Мятое пятно оттуда непонятливо пробурчала какую-то нецензурную дичь.

– Нам последний нужен, – не смущаясь уверила Маша.

– Следующий, – внятно ответило пятно и по-хамски хрюкнуло закрывающимися дверями.

– Когда мне невмочь пересилить беду, – просипела Ольга Федоровна, зябко кутаясь в густую китайскую шаль, – когда проступает отчаянье, я в синий троллейбус сажусь на ходу, последний, отчаянный…

– Никогда не видел синих… – пожал плечам я. – Чистота эксперимента может быть нарушена…

Мне никто не возразил, но и не поддержал.

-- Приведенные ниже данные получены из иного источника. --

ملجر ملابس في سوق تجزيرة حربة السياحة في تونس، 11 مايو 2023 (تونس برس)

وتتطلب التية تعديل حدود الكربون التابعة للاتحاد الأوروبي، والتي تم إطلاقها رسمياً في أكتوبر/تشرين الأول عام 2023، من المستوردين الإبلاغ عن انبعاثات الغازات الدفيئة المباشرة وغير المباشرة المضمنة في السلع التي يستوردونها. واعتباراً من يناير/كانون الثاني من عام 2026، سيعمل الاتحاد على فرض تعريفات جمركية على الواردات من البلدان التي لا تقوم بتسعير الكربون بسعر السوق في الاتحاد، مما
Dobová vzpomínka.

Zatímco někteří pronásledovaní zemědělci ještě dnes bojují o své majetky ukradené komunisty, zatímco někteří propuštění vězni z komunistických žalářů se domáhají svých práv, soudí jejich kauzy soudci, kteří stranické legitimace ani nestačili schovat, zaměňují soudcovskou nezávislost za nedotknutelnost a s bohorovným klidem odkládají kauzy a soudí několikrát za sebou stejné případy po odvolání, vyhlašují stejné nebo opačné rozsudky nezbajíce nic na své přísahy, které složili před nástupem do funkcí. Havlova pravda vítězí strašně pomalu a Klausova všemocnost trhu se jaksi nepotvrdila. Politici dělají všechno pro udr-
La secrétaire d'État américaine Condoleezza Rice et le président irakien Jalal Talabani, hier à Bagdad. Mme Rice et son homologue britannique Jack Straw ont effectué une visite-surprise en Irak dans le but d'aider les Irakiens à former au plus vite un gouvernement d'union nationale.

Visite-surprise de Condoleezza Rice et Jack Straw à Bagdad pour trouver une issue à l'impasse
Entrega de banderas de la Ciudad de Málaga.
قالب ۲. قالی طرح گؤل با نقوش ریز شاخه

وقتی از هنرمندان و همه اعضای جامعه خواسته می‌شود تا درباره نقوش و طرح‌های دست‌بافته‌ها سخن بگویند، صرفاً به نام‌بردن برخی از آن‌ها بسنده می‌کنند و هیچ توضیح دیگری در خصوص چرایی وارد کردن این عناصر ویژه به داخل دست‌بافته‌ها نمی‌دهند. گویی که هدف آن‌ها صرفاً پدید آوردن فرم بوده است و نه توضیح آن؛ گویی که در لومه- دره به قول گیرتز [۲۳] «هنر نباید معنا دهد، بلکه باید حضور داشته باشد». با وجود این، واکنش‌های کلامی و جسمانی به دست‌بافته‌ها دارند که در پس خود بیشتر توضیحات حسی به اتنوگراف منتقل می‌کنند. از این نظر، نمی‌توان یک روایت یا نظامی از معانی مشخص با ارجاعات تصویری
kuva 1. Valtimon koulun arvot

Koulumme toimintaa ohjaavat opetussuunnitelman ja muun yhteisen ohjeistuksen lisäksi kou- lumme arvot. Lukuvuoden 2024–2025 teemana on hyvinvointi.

– Это в Москве наверное… А у нас… – Маша на секунду задумалась и обернулась ко мне, ослепляя стразиками на вязанной шапочке. – Вот ты вообще помнишь, какого они цвета у нас в городе?

Жутко захотелось обидеться, удариться в эксгумацию старых абстракций, но с отчаянием понял, что действительно не помню. Схитрив, я покосился на только что отъехавший, но в тесной ночной темноте различить что-то больше габаритных огней оказалось совершенно невозможно.

– У нас они просто не пьют так много, мастера психологической нотации победили троллейбусный алкоголизм, – признался я.

– Бедные, – пожалела кого-то Маша.

Мне хотелось верить, что именно троллейбусы удостоились её жалости – искристой, как моча ребенка.

– Удивительно, что они вообще прижились в наших широтах, – пожала плечами Ольга Федоровна. – Автобусы для троллей, пережили эмиграцию, акклиматизацию и остались в городах, растворились на улицах. Настоящие трудяги…

– Едет, – прервал я её.

Стало страшно. Еще не до липкого пота, а всего лишь до «фуххх!» где-то внутри, с обязательным помутнением в глазах и похолоданием в чреслах. И ведь бояться было абсолютно нечего. В любой момент за два-три тарифа нас ждал большой, пока еще совсем не сонный, город, жаждущий коктейлей и благородных спиртосодержащих напитков. А можно и плюнуть на потонувший в пляшущем свете ночных клубах центр и просто вернуться домой, обнажиться, сцепиться в объятиях и замереть, словно глупышка Ирит. Громыхнул гром и троллейбус, открылась дверь и Маша бодро прокричала вовнутрь.

– Последний? Нам нужен последний троллейбус!

В проеме появилась кондукторша. Лицо её давно расплавилось, и теперь форму поддерживал только густой макияж. Под его слоем угадывались какие-то эмоции, но даже улыбку, которую она подарила нам, нельзя было трактовать хоть как-то определенно.

– Последний, – проскрипела она, почти как двери. – Залазьте…

Внутри горел свет, шипела какая-то музыка, сидели зачумленные трудяги, пассажиров обволакивал тяжелый запах перегара, а по стеклам скользили капли. Мы прошли на галерку и заняли неудобные кресла.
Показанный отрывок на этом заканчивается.